With research funds from KU Leuven, we could buy a 16-processor IPSC/2, the first one to be installed in Europe; it even required a special export licence. It was a very interesting system to experiment with and to feel the reality of parallel computing.

At that time, when people thought about parallel algorithms, they often considered very fine-grained algorithms. But during the whole history of parallel computing, the time to start up a message in distributed memory systems was and is much longer than the time to do a floating point operation. So, fine-grained algorithms don’t work in practice. To achieve high performance, you need a coarse-grained approach.

iPSC2 Outside and Inside — **iPSC2 at KULeuven**

During a research stay in Germany in 1988, I worked at GMD (now part of Fraunhofer Institute) on HPC. GMD was working on the Suprenum [3] project to build a German supercomputer. The supercomputer was not a success, but they did interesting research on HPC. GMD also had a Connection Machine CM- 2 [4], quite exciting to program since it was a SIMD (Single Instruction Multiple Data) machine.

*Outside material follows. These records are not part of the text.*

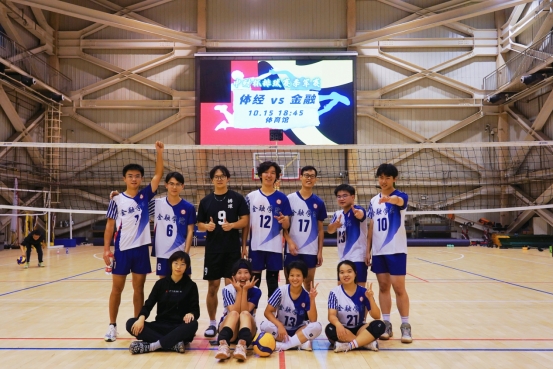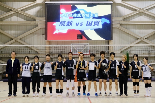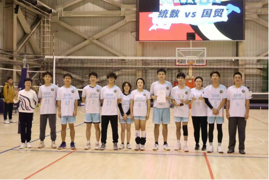 随着半决赛与决赛的到来,场上的比赛愈发激烈。每一个球都仿佛承载着全队的希望,队员们拼尽全力,一次次飞身救球,一次次奋力扣杀。拦网队员如巍峨的山峰,紧紧盯着对方的扣球手,随时准备将球拦下。接应队员则如同灵活的猎豹,在场上四处奔走,将每一个险球稳稳接住。最终,国际经济与贸易公司荣获冠军,统计与数学公司荣获亚军,金融公司荣获季军。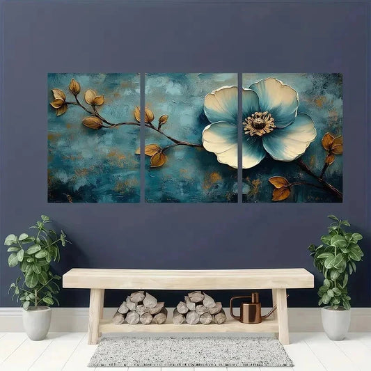 3pcs Jade Flower Perfect Blue Perfect Wall Art Set Canvas Framed 40x60cm - High Quality Print 100% Australian Made Wall Canvas Ready to Hang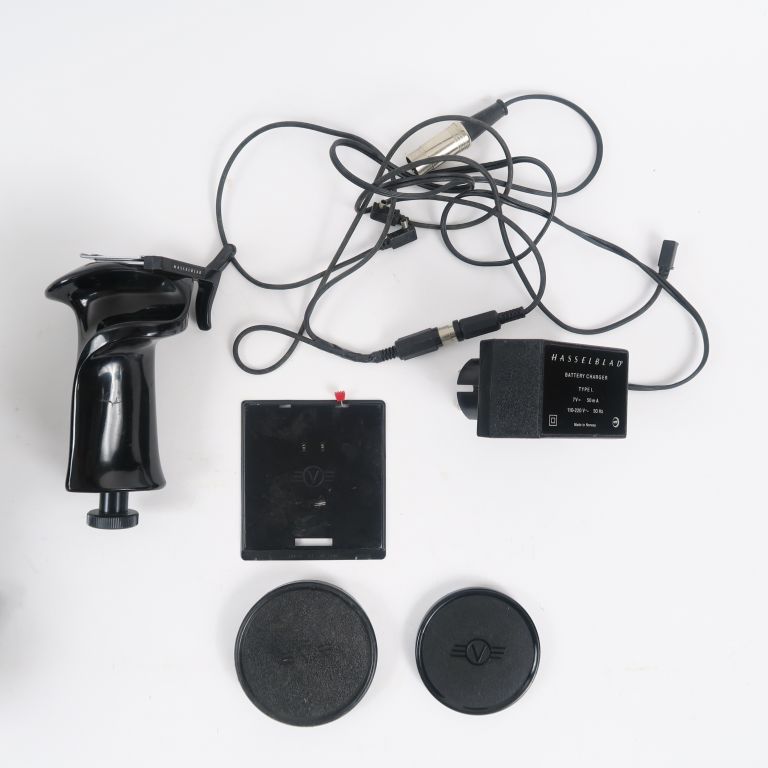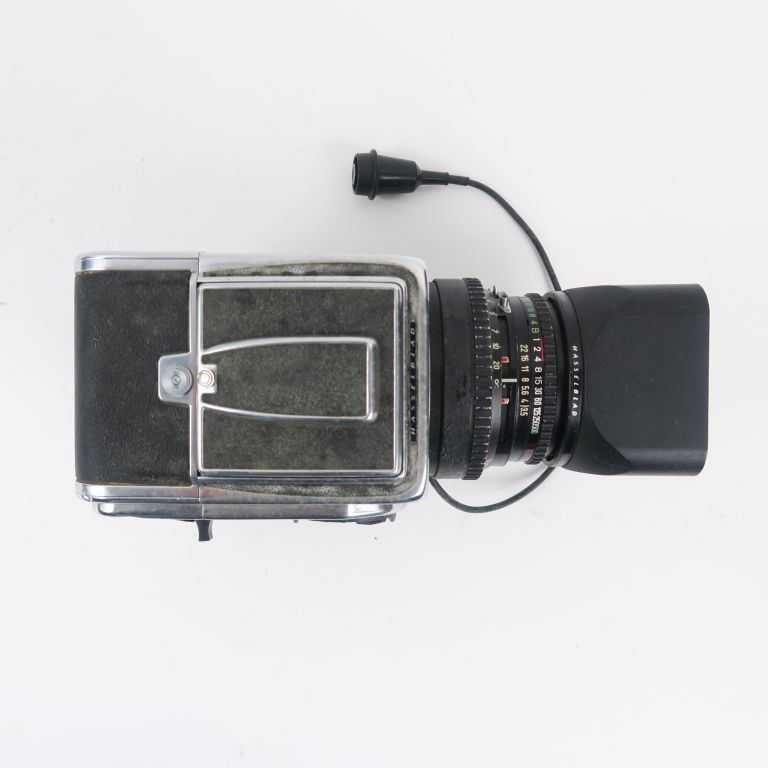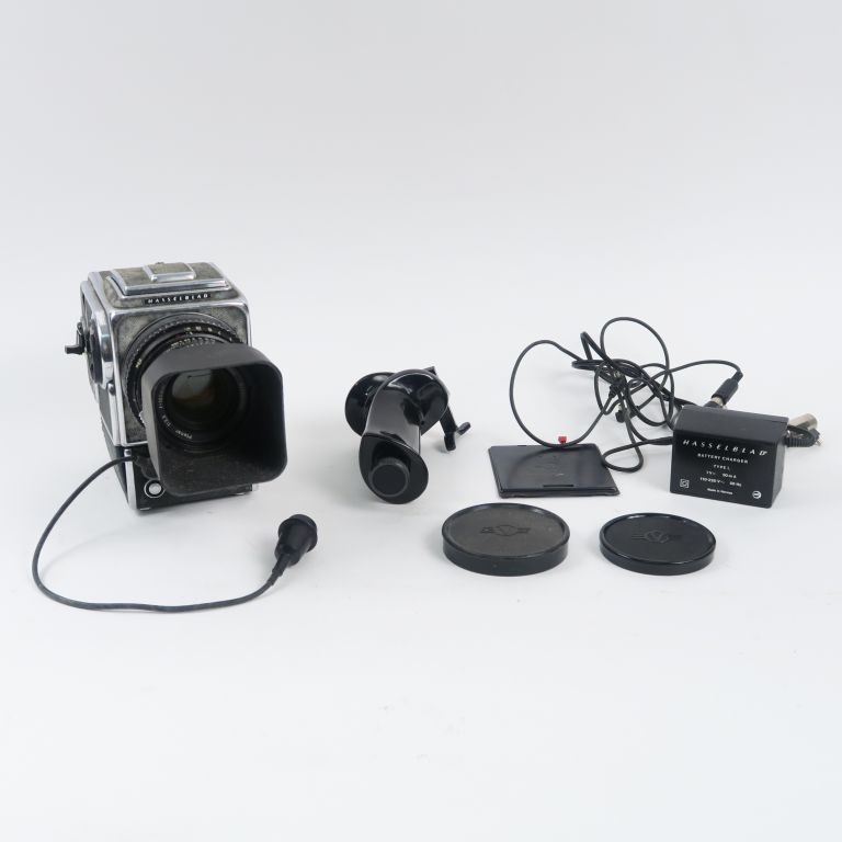 HASSELBLAD 500EL/M n°RD 1318565 et magasin n°US 174165. Objectif PLANAR 1 : 3.5 f=100 mm n°6361765 avec paresoleil, on y joint des accessoires.

Was this Connection Machine mainly targeted at AI applications?
It was mainly targeted at AI, indeed. The idea was to mimic a neural network by using many 1-bit processors. In the eighties, it was too expensive to build in a lot of logic, so it was a SIMD machine: all processors operated in lockstep. It was really a challenge to program the CM. It was a very interesting machine, but in the end mainly used for numerical simulation by coupling 32 of these 1-bit processors with a floating point processor. At that time, there were no powerful AI algorithms. Both the knowledge about AI and algorithms were lacking to use such a machine effectively.

In the 1980s, several companies built their own processors for parallel systems, for example nCube [5]. In Europe, we had the Transputer initiative [6]. Even at that time some people and agencies said ‘we should build a European supercomputer’. A number of companies, Meiko Scientific in the UK [7], Parsytec [8] in Germany and some others, built clusters based on the transputer, supported by money from the EU.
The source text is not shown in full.